Above all they need independence: they need to establish their credentials as independent investigators
dedicated to fighting corruption both inside and outside government.
The first anti-corruption commission was set up in Singapore in 1952, followed by Malaysia and Hong Kong, giving Asia the reputation as the “cradle” of anti-corruption
agencies (ACAs). Today there are nearly 150 such entities throughout the world.
ACAs often emerge in a context of corruption scandals. They are formed through broad political consensus and are regarded by most stakeholders as the ultimate response
to corruption. However, they can find themselves at the centre of political controversy if they decide to investigate those in power.
Set of standards and principles on what makes a good anti-corruption commission or agency includes:
- A broad and clear mandate: ACAs should have a clear mandate to tackle corruption through prevention, education, awareness raising, investigation and prosecution.
- Legally guaranteed permanence: Anti-corruption commissions
ought to be established by a proper and stable legal framework, such as a constitution or a special law, to ensure the permanence of the institution.
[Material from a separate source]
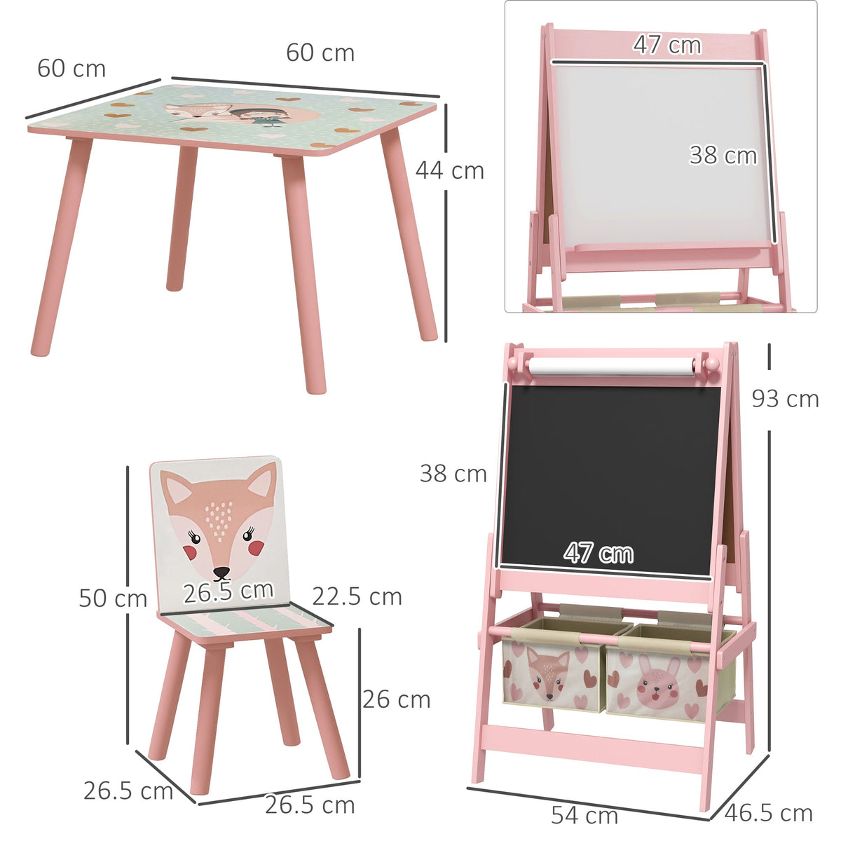 ZONEKIZ Kids Table and Chair Set and Kids Easel with Paper Roll, Storage Baskets, Kids Activity Furniture Set, Pink - Pink

- Neutral appointment of ACA heads: Heads of anti-corruption commissions should be appointed
through a process that ensures their independence, impartiality, neutrality, integrity, apolitical stance and competence.
- Removal of ACA heads and leadership continuity: It is essential for the independence of anti-corruption commissions
that their heads have security of tenure and can only be dismissed through a procedure established by law.
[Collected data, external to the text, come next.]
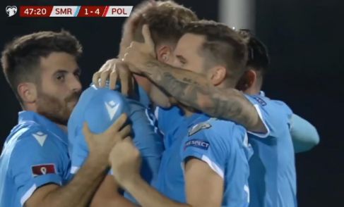圣马力诺(4-4-2):贝内德蒂尼/巴蒂斯蒂尼、法布里、丹特-罗西、格兰多尼/穆拉罗尼、鲁纳代、戈利努齐、塞卡洛利/南尼、法比奥-托马斯尼
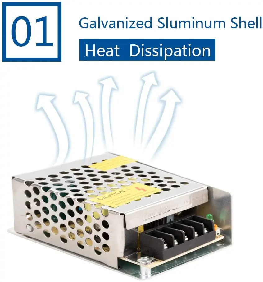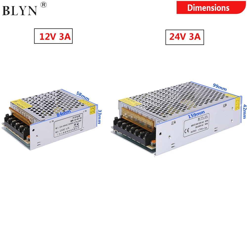 L’alimentation électrique 12V 24V 3A DC est un boîtier compact en métal. Il trouvera facilement sa place dans de nombreuses applications, telles que l’automatisation industrielle, l’impression 3D, les projets de bricolage, l’affichage à LED, la bande lumineuse LED, etc.
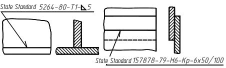 The example of T-Joint T1 is shown in fig.4.42 (a). It is weld without bevel edge, two-sided, with length of a leg weld 5 mm. The example of an interrupted lap welded joint H6 is shown in fig.4.42 (b). Width of a weld is 6 mm, length of a weld is 50 mm., pitch of a joint is 100 mm.
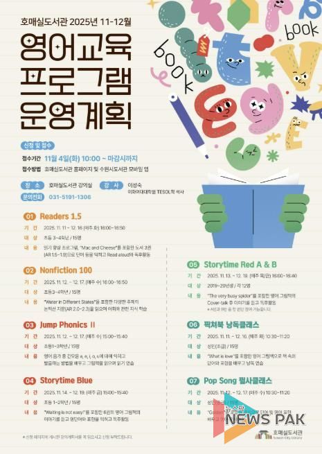뉴스팍 배상미 기자 | 수원시 호매실도서관이 11~12월 운영하는 영어교육 프로그램 참가자를 모집한다.
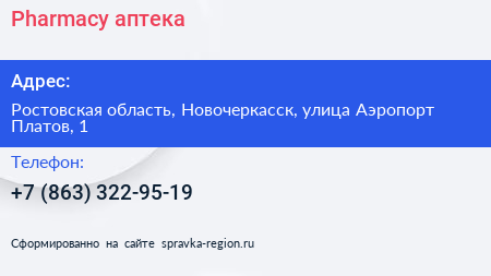 Pharmacy, аптека по адресу Ростовская область, Новочеркасск, улица Аэропорт Платов, 1 в дальнейшем Организация, размещена в следующих категориях:

- Ethical conduct and governance: ACAs ought to adopt codes of conduct that set high standards of ethical conduct for their employees
and have a solid compliance regime.
Transparency International supports the creation of ACAs to help in the fight against corruption, and calls on governments to support and protect these institutions to fulfil their mandates by ensuring that
they are given the independence and resources to do their jobs effectively.
During political crises it is important that no side tries to hijack the agenda of the anti-corruption commission and that the work is allowed to continue free from threats
(Primary source of the text: Transparency International).